### Material for the task
Start of Block
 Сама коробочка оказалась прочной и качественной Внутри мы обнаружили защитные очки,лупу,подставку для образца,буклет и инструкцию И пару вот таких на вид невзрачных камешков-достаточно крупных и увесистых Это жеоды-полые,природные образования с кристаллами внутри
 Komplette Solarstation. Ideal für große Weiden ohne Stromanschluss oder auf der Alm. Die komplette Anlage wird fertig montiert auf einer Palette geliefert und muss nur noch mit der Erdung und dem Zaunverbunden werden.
End of Block
Start of Block
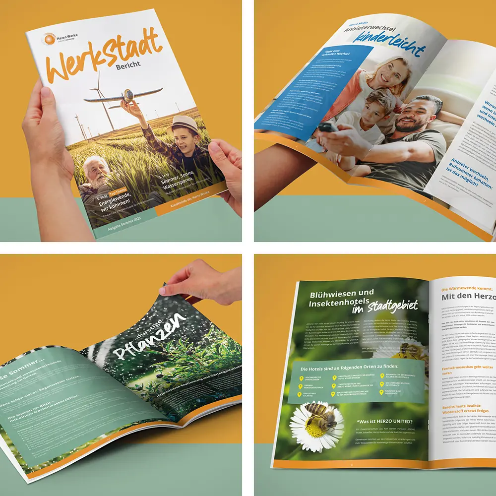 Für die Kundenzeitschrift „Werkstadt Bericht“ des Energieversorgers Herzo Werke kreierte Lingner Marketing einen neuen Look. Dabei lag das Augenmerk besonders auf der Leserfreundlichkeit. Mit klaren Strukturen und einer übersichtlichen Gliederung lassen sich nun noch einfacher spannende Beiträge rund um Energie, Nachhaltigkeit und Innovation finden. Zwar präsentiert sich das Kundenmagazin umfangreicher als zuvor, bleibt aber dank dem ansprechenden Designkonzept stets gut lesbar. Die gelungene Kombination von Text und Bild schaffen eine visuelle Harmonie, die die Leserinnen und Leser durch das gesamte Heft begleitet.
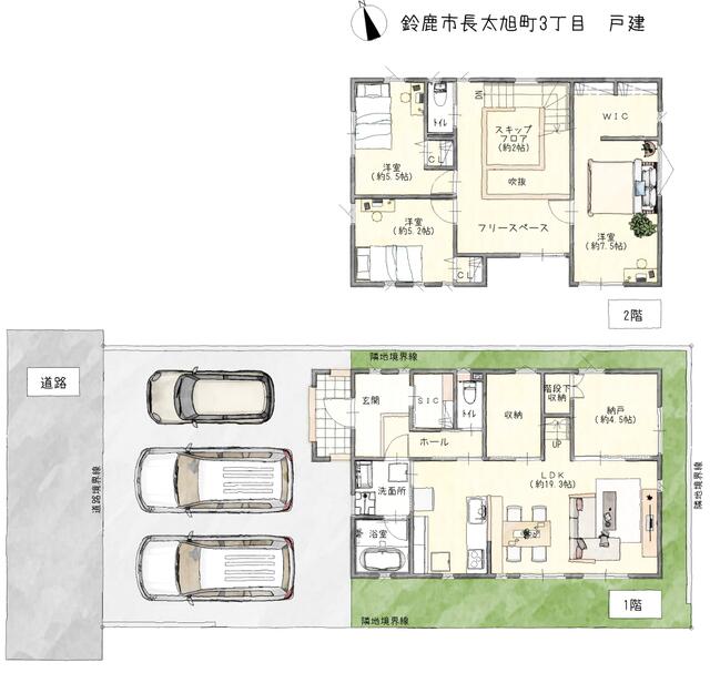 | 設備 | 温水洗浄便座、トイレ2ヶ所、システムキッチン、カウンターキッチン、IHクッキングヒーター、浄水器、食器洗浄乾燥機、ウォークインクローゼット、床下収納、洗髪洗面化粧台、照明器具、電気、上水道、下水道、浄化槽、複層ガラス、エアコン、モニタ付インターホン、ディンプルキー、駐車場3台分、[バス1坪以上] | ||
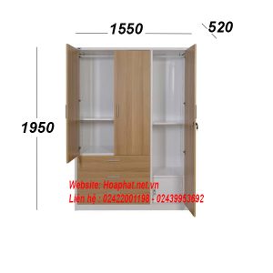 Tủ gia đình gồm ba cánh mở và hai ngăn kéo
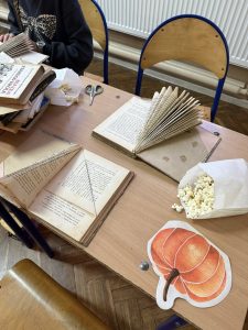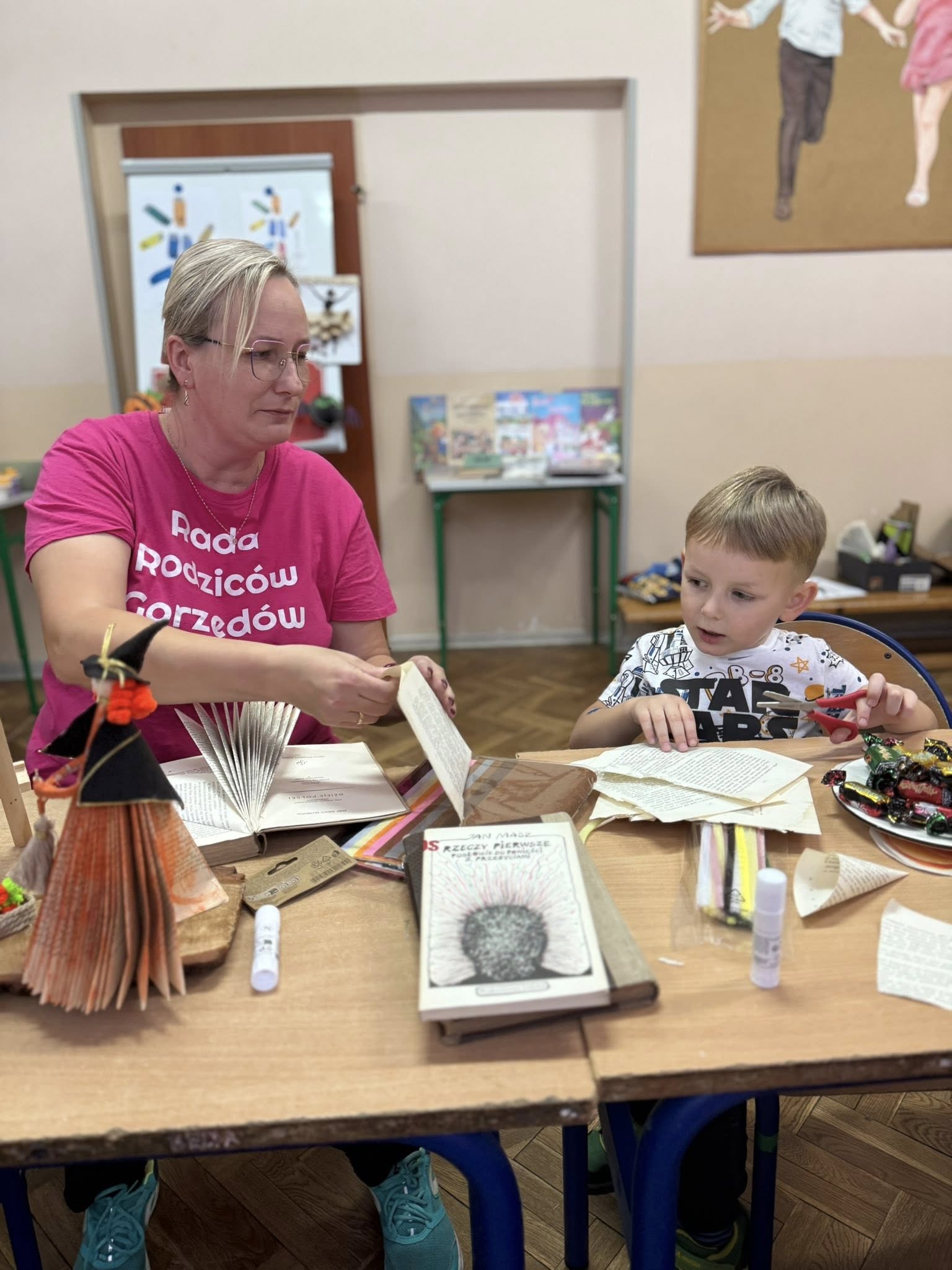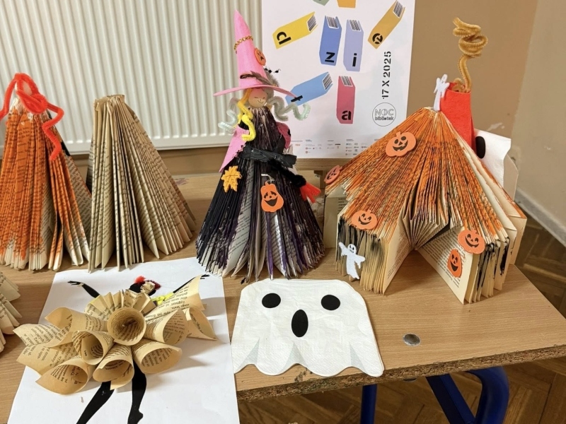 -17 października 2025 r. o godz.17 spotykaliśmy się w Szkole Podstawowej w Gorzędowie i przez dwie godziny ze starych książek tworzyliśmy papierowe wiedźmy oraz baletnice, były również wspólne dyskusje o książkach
End of Block
### Task instructions
Using the listing above, return word for word each line from the one that has "Сама коробочка оказалась" through the one that has "Komplette Solarstation. Ideal", and no line outside that range.

### Answer section
 Сама коробочка оказалась прочной и качественной Внутри мы обнаружили защитные очки,лупу,подставку для образца,буклет и инструкцию И пару вот таких на вид невзрачных камешков-достаточно крупных и увесистых Это жеоды-полые,природные образования с кристаллами внутри
 Komplette Solarstation. Ideal für große Weiden ohne Stromanschluss oder auf der Alm. Die komplette Anlage wird fertig montiert auf einer Palette geliefert und muss nur noch mit der Erdung und dem Zaunverbunden werden.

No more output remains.